### PROBLEM
The data below should be printed in full, exactly, and without any of its images.

### PROVIDED MATERIAL
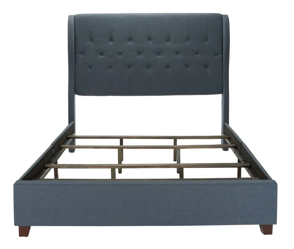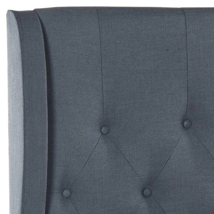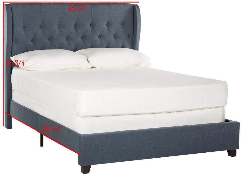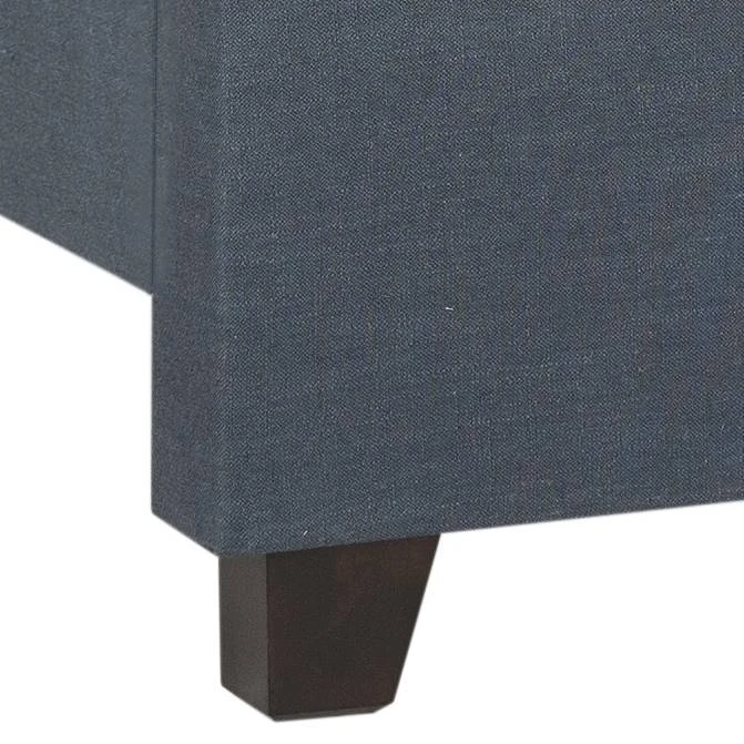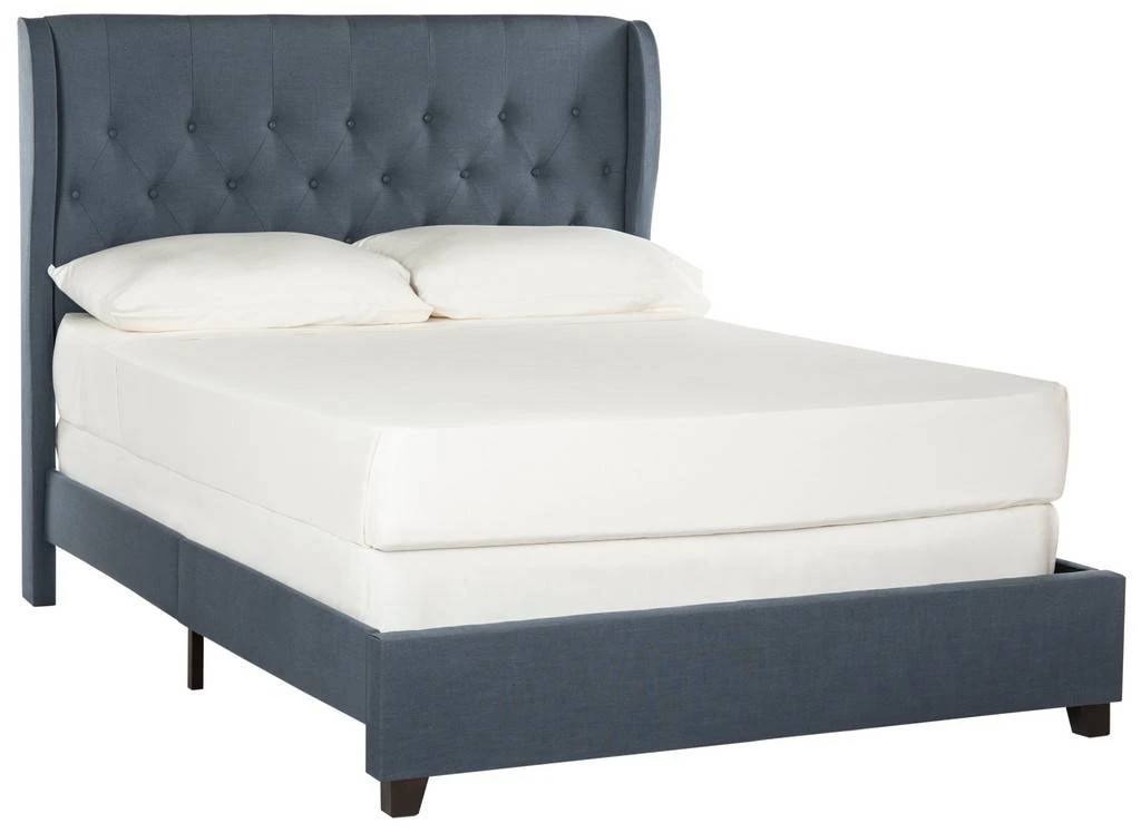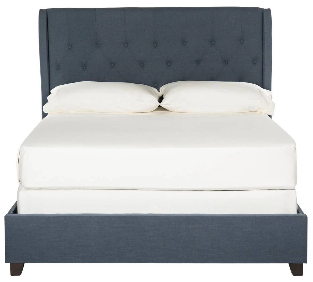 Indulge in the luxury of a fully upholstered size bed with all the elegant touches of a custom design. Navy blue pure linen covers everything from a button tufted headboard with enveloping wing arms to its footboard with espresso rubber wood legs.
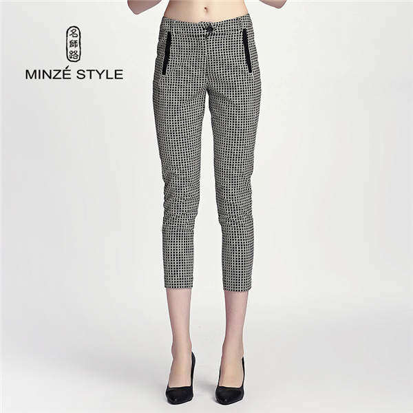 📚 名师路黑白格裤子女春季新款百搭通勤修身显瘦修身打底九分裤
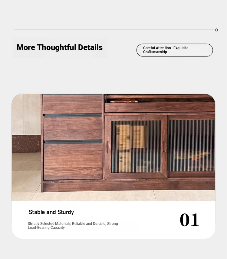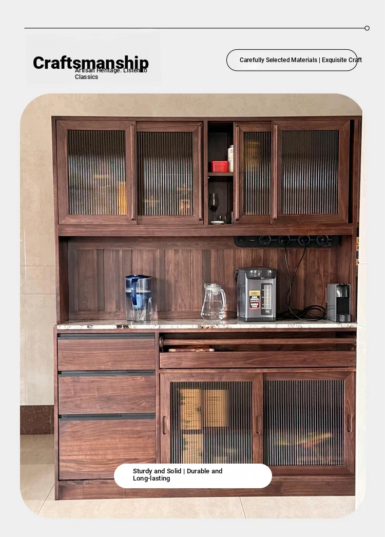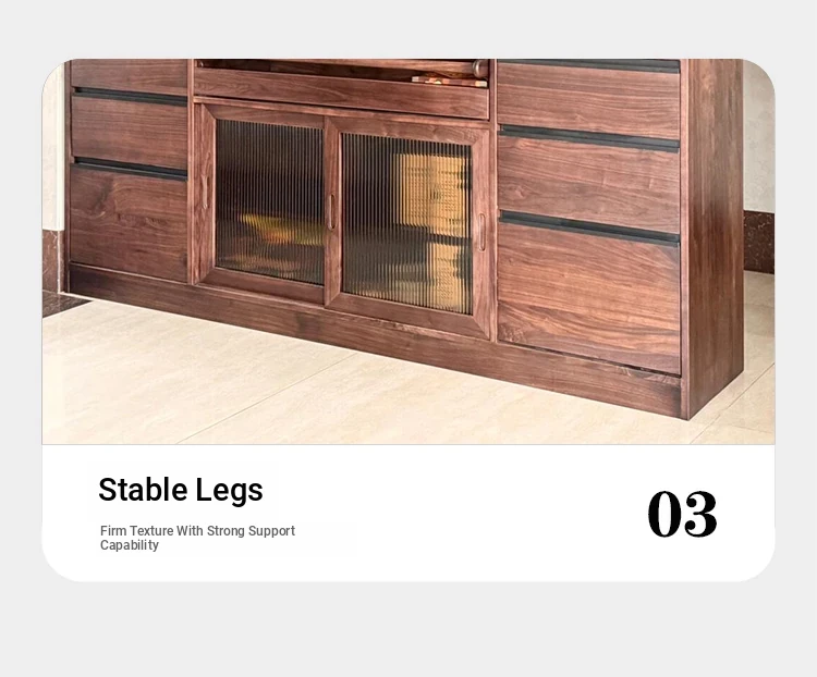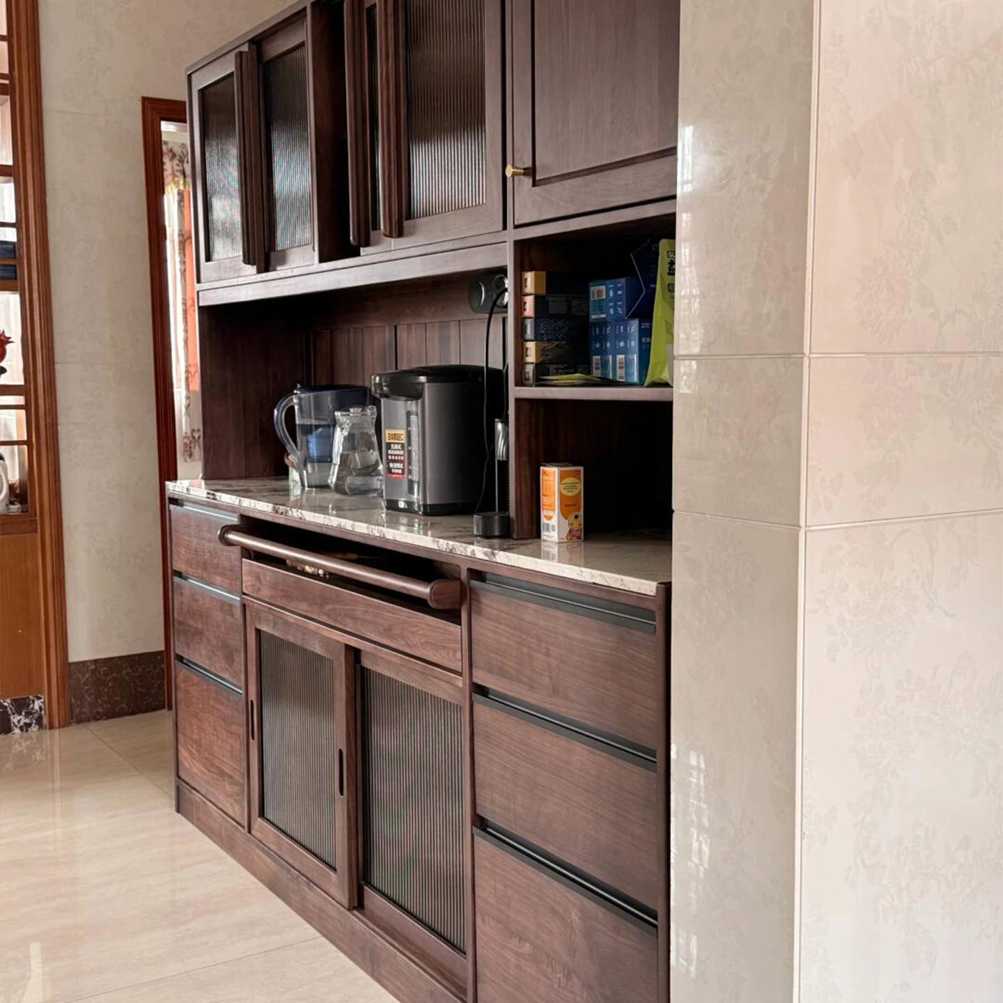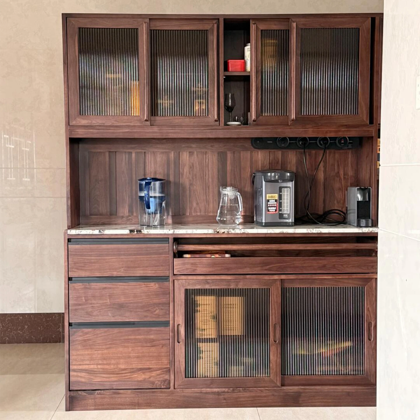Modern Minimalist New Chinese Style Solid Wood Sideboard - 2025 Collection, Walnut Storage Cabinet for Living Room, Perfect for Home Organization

### THE COMPLETED TASK
 Indulge in the luxury of a fully upholstered size bed with all the elegant touches of a custom design. Navy blue pure linen covers everything from a button tufted headboard with enveloping wing arms to its footboard with espresso rubber wood legs.
 📚 名师路黑白格裤子女春季新款百搭通勤修身显瘦修身打底九分裤
Modern Minimalist New Chinese Style Solid Wood Sideboard - 2025 Collection, Walnut Storage Cabinet for Living Room, Perfect for Home Organization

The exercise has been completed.